▸ **WHAT YOU HAVE TO DO**
Word for word, quote the lines from the one containing "The open plan, consisting" to the end of the entries below, including both. Leave pictures out.

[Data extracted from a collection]

+ + + + + + +

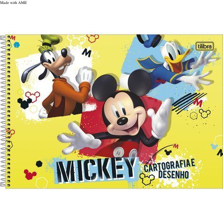 Caderno de Cartografia e Desenho Espiral Capa Dura Mickey 80 Folhas
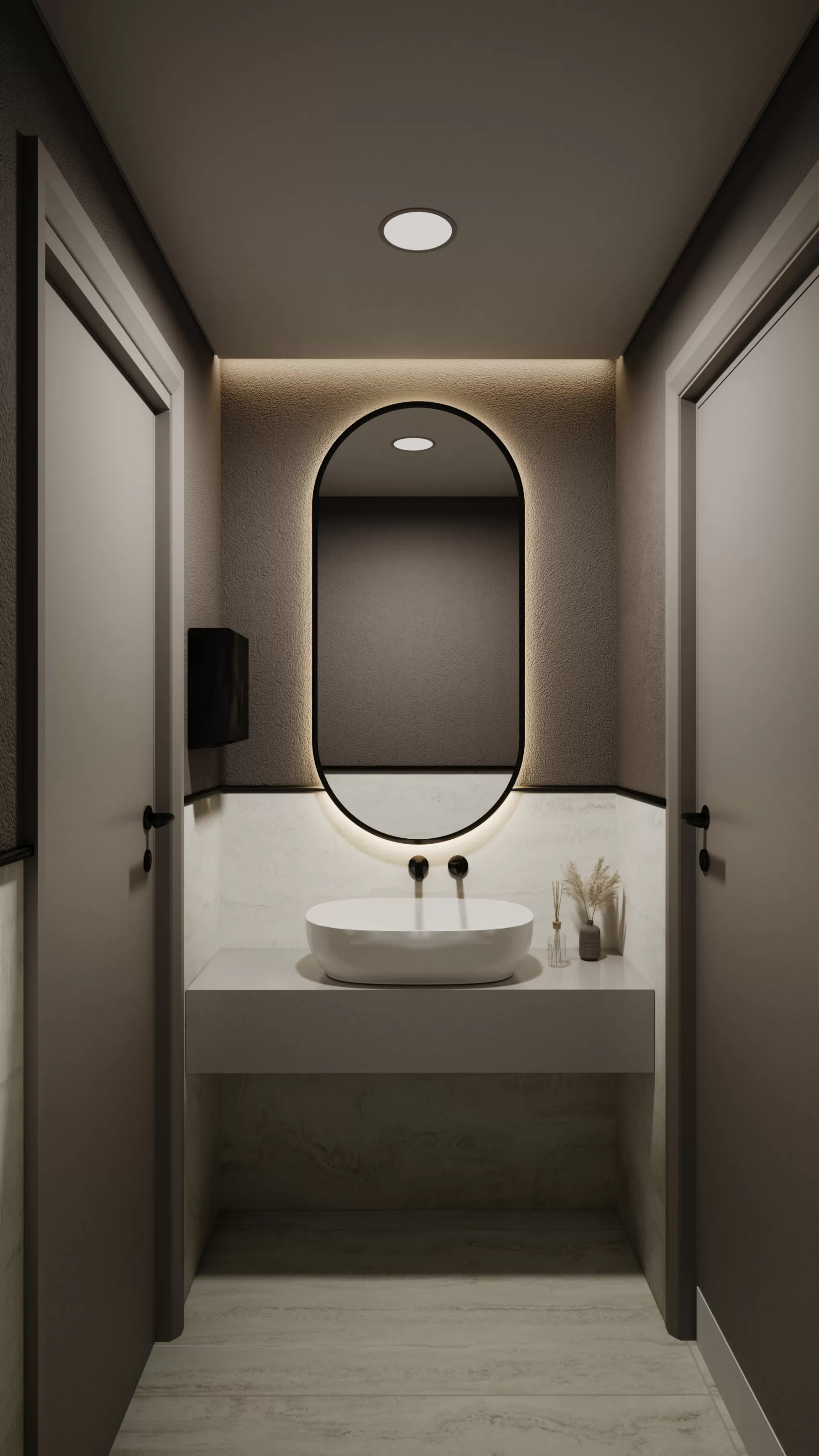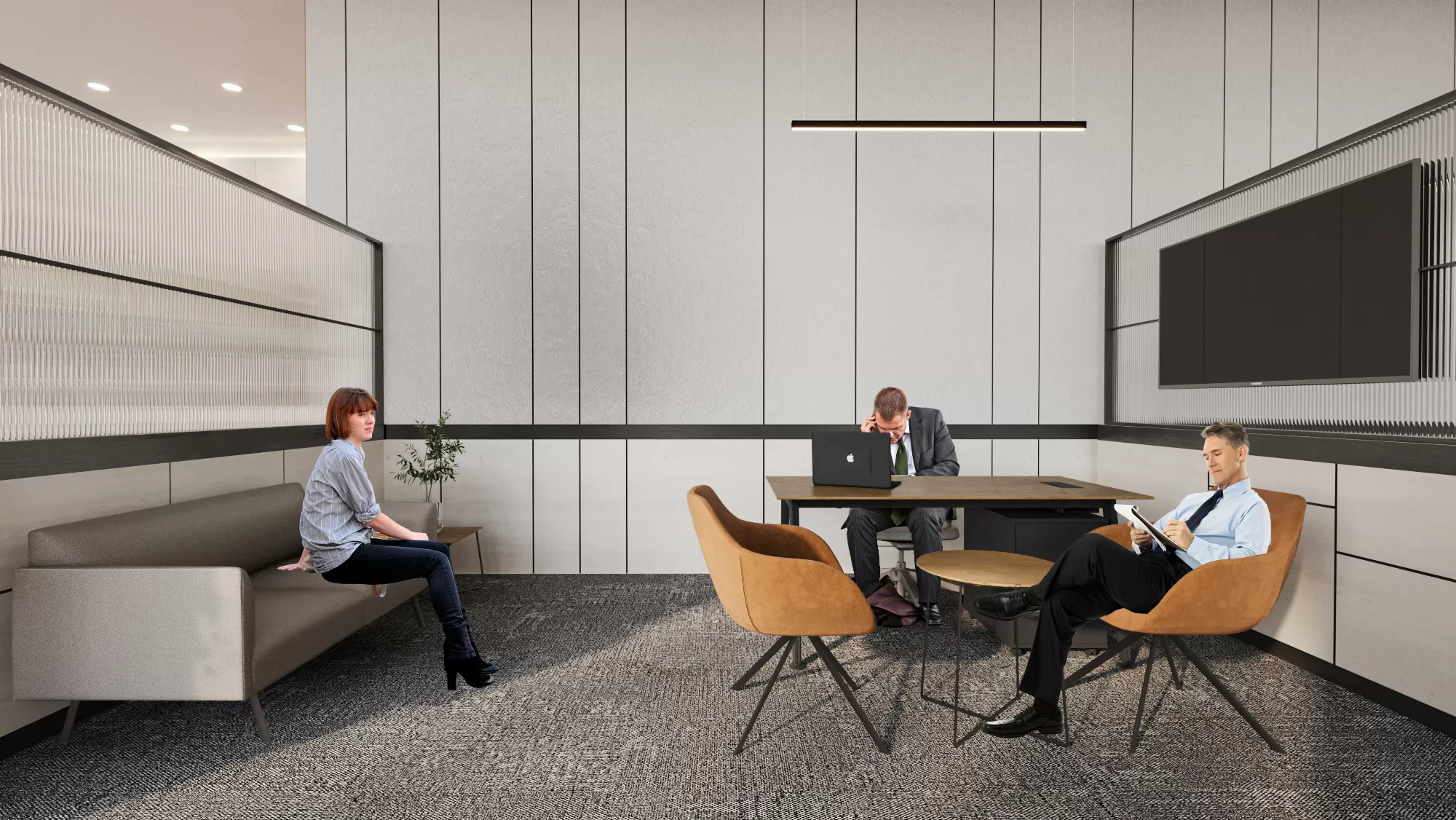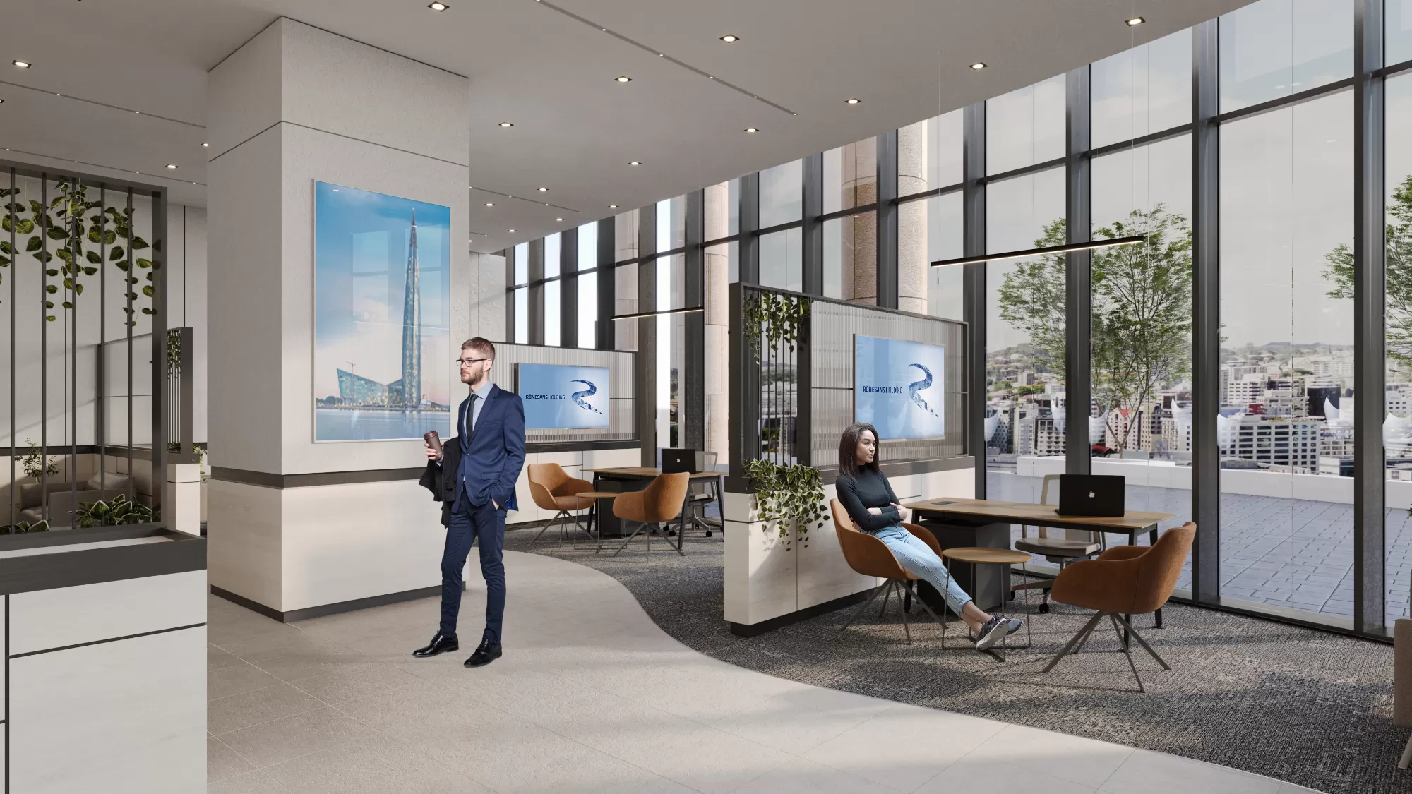 The open plan, consisting of a welcome counter, waiting areas, reserve areas for print and digital promotions, and open office units, is supported by a relatively free circulation route. The kitchen, personnel areas, technical and wet areas that will serve these, on the other hand, work from a more sheltered corridor, providing the desired level of privacy.
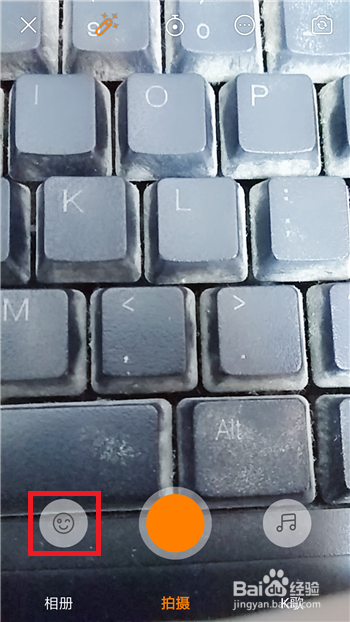 点击后会打开快手的录制界面,在左下角的位置点击【道具】选项,如图所示。
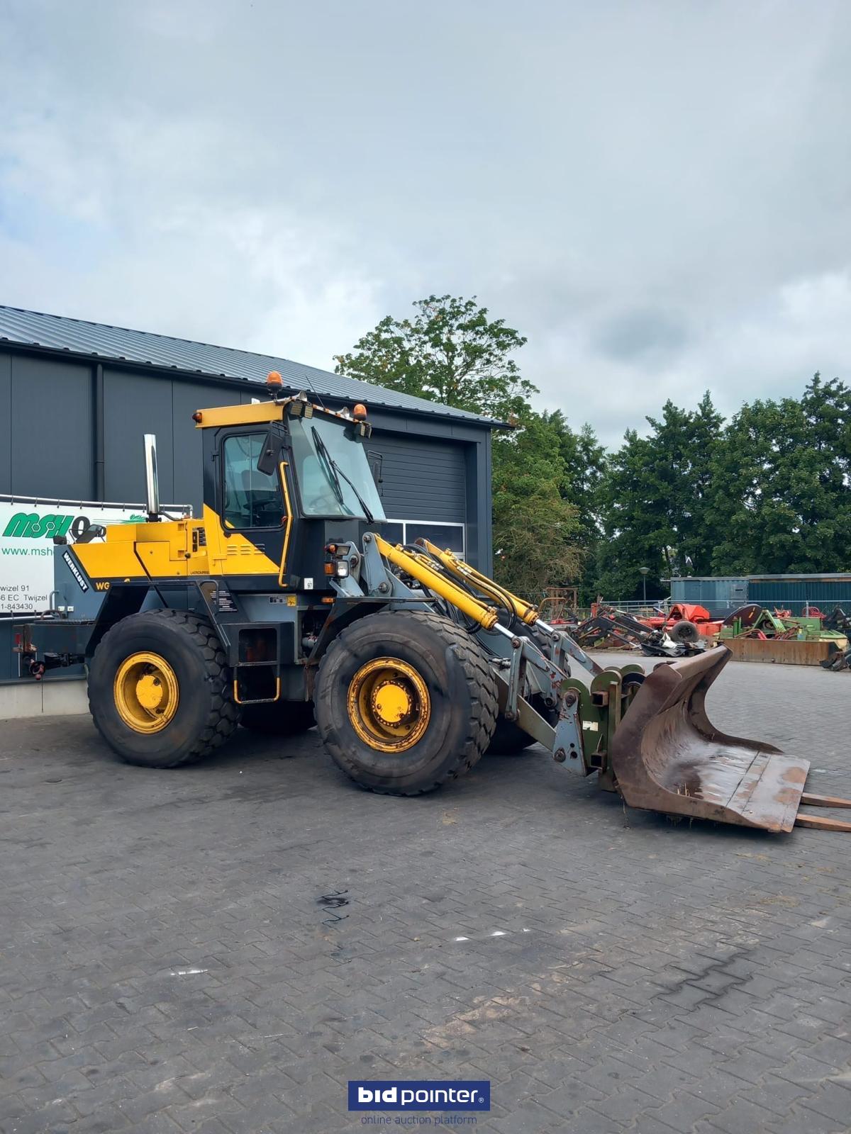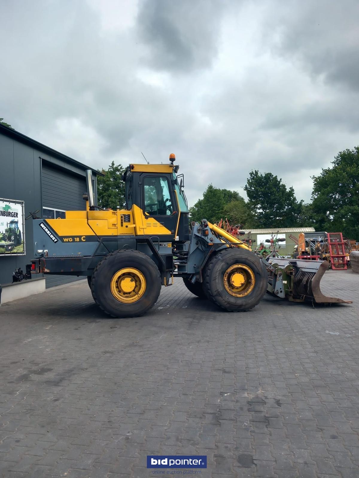 Werklust shovel with bucket and pallet fork. Noise in the gearbox.
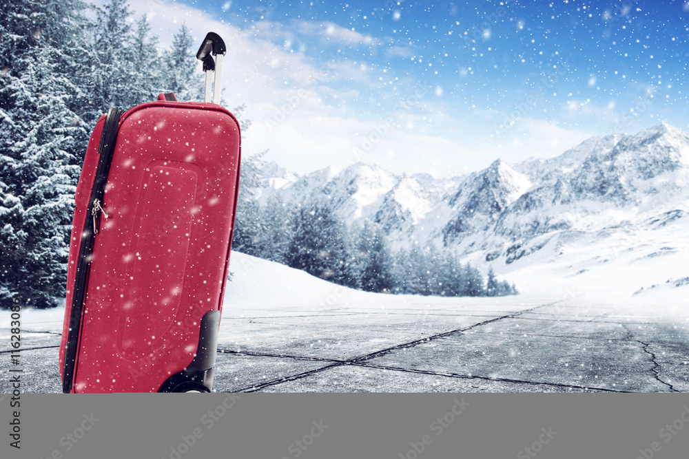 Red large suitcase placed on snow covered surface with ski slope and mountains background, Concept of travel, winter holidays, and winter sports.
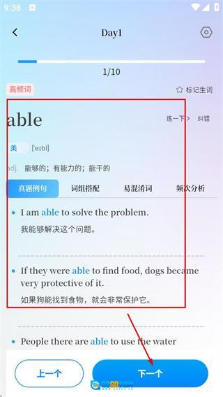 在完成当前单词的学习后,点击“下一个”按钮,就能继续进行下一个单词的学习。
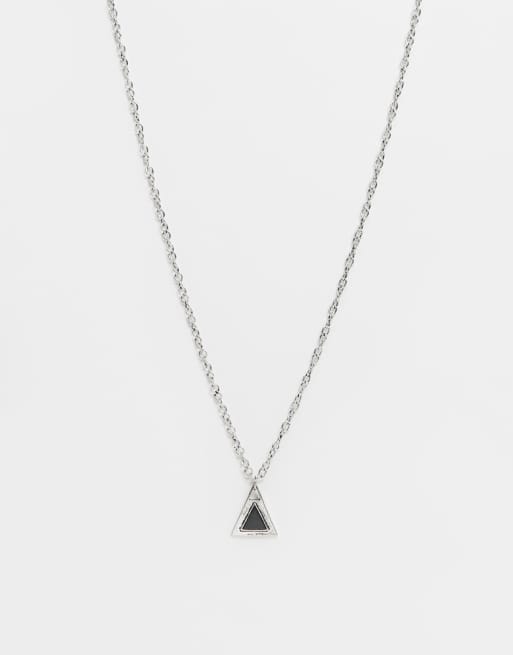 Icon Brand - Collier chaîne avec pendentif triangle et pierre noire - Argenté
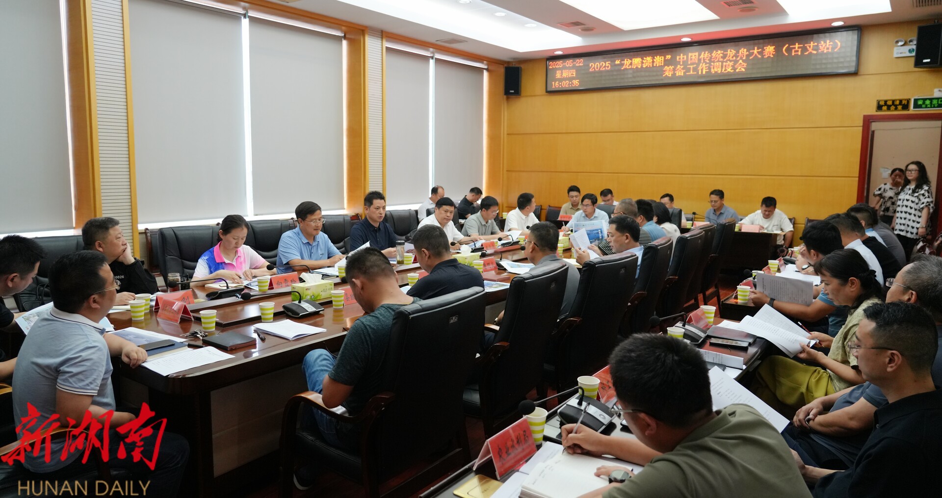 新湖南客户端5月23日讯(通讯员 郑湘)5月22日,湘西土家族苗族自治州古丈县委书记滕朝辉主持召开2025“龙腾潇湘”中国传统龙舟大赛(古丈站)筹备工作调度会。他强调,要坚定信心、振奋精神,锚定“安全、精彩、高效、节俭”办赛目标,高标准高质量做好赛事筹备工作,确保办成一届“安全有序、特色鲜明、有影响力”的文化体育盛会。

+ + + + + + +

▸ **SOLUTION TO THIS PROBLEM**
 The open plan, consisting of a welcome counter, waiting areas, reserve areas for print and digital promotions, and open office units, is supported by a relatively free circulation route. The kitchen, personnel areas, technical and wet areas that will serve these, on the other hand, work from a more sheltered corridor, providing the desired level of privacy.
 点击后会打开快手的录制界面,在左下角的位置点击【道具】选项,如图所示。
 Werklust shovel with bucket and pallet fork. Noise in the gearbox.
 Red large suitcase placed on snow covered surface with ski slope and mountains background, Concept of travel, winter holidays, and winter sports.
 在完成当前单词的学习后,点击“下一个”按钮,就能继续进行下一个单词的学习。
 Icon Brand - Collier chaîne avec pendentif triangle et pierre noire - Argenté
 新湖南客户端5月23日讯(通讯员 郑湘)5月22日,湘西土家族苗族自治州古丈县委书记滕朝辉主持召开2025“龙腾潇湘”中国传统龙舟大赛(古丈站)筹备工作调度会。他强调,要坚定信心、振奋精神,锚定“安全、精彩、高效、节俭”办赛目标,高标准高质量做好赛事筹备工作,确保办成一届“安全有序、特色鲜明、有影响力”的文化体育盛会。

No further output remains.